──────── Entries shown

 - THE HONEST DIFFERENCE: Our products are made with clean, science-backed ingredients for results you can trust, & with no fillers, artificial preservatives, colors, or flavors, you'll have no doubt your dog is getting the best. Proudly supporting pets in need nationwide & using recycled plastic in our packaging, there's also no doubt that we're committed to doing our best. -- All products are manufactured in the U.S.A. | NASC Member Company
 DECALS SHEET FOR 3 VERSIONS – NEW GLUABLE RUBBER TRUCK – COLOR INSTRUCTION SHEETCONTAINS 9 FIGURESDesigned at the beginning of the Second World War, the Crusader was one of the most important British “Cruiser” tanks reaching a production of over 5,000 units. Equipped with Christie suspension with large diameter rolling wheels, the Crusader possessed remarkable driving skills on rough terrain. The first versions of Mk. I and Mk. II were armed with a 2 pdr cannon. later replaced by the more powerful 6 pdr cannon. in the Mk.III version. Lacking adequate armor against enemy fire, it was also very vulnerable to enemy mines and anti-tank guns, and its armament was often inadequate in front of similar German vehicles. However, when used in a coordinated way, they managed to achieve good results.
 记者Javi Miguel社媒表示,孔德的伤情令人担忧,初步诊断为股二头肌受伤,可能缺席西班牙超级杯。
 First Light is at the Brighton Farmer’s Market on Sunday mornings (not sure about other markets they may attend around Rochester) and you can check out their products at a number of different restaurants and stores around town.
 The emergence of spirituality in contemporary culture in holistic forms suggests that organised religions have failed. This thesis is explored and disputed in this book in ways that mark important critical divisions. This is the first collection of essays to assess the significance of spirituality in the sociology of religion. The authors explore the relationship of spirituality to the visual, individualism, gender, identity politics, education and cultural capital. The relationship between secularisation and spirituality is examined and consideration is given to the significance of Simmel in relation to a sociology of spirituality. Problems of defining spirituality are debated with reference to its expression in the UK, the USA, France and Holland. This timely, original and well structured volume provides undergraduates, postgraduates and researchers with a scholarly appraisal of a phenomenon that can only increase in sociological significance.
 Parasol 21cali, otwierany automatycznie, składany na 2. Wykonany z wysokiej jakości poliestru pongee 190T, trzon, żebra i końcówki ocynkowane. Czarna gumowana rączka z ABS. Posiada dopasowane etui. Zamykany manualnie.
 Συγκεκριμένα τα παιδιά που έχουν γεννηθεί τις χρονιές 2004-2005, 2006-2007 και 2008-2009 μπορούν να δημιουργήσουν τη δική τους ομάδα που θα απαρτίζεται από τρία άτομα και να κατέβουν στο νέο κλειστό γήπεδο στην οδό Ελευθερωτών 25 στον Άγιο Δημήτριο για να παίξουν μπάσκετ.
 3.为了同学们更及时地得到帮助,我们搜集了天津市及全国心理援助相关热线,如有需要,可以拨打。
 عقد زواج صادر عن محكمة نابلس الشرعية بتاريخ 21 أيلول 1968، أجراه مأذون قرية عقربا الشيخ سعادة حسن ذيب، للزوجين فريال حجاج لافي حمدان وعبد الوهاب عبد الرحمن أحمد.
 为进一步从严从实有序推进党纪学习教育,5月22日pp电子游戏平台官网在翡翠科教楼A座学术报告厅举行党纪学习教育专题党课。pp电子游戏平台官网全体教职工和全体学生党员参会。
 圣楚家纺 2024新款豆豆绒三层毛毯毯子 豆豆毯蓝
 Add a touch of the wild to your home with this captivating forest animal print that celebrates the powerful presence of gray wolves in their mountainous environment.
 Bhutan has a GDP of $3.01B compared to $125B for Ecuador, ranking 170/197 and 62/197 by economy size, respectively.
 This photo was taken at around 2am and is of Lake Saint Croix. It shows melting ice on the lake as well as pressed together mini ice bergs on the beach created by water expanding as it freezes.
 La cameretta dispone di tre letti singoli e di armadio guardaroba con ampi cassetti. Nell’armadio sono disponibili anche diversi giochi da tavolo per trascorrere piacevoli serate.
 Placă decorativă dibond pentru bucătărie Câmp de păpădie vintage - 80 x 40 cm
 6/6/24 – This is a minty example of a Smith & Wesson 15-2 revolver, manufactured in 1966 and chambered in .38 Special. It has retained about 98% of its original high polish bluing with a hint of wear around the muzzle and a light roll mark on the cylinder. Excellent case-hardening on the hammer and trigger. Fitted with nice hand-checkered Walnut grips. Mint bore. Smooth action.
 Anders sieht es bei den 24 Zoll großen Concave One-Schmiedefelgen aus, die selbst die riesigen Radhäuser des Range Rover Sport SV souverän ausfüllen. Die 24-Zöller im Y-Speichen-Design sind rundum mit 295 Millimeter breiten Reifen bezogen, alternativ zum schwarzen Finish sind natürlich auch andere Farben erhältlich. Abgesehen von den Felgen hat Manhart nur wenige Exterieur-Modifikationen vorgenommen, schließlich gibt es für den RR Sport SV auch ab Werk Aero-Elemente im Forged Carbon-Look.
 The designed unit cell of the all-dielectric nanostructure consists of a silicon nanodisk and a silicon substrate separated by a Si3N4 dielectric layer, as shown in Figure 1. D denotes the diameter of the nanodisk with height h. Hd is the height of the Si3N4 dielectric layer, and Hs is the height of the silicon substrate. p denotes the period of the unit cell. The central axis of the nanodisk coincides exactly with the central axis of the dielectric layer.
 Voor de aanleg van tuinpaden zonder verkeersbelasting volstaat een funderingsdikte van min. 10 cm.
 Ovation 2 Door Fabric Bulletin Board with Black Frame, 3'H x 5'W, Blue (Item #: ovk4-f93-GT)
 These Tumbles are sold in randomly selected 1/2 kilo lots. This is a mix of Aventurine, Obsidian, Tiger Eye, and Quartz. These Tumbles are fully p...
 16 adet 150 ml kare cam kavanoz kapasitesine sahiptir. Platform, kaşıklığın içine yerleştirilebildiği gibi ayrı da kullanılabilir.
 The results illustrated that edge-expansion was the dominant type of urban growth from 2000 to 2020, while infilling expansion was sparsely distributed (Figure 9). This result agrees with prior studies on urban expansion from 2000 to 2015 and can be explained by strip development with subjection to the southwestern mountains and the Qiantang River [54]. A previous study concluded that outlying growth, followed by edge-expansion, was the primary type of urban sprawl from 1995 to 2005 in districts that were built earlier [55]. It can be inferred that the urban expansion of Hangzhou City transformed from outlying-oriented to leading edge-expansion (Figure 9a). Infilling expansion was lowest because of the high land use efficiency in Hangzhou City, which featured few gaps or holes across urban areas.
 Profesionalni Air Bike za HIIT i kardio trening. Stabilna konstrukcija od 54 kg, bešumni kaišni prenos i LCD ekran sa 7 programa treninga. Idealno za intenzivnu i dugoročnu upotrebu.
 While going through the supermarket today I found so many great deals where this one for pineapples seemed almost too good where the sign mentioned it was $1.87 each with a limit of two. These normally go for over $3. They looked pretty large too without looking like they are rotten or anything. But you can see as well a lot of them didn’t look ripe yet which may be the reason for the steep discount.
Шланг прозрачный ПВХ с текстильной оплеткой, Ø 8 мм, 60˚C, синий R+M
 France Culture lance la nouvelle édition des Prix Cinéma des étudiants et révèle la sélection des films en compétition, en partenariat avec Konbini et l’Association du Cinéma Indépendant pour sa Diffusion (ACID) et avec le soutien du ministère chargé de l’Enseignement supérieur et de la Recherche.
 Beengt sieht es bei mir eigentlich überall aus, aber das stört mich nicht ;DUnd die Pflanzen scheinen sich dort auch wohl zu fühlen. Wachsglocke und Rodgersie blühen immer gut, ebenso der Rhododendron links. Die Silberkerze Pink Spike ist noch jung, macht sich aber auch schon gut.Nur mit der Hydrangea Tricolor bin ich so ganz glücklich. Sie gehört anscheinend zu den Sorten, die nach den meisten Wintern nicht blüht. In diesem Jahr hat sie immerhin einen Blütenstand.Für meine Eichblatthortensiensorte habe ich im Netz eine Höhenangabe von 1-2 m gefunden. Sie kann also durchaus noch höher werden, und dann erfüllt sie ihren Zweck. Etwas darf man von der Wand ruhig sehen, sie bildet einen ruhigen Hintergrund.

────────────────

**Activity:** Start with the line above that contains "Anders sieht es" and end with the line that contains "The designed unit". Write out those lines exactly, and only those.

**Result:**
 Anders sieht es bei den 24 Zoll großen Concave One-Schmiedefelgen aus, die selbst die riesigen Radhäuser des Range Rover Sport SV souverän ausfüllen. Die 24-Zöller im Y-Speichen-Design sind rundum mit 295 Millimeter breiten Reifen bezogen, alternativ zum schwarzen Finish sind natürlich auch andere Farben erhältlich. Abgesehen von den Felgen hat Manhart nur wenige Exterieur-Modifikationen vorgenommen, schließlich gibt es für den RR Sport SV auch ab Werk Aero-Elemente im Forged Carbon-Look.
 The designed unit cell of the all-dielectric nanostructure consists of a silicon nanodisk and a silicon substrate separated by a Si3N4 dielectric layer, as shown in Figure 1. D denotes the diameter of the nanodisk with height h. Hd is the height of the Si3N4 dielectric layer, and Hs is the height of the silicon substrate. p denotes the period of the unit cell. The central axis of the nanodisk coincides exactly with the central axis of the dielectric layer.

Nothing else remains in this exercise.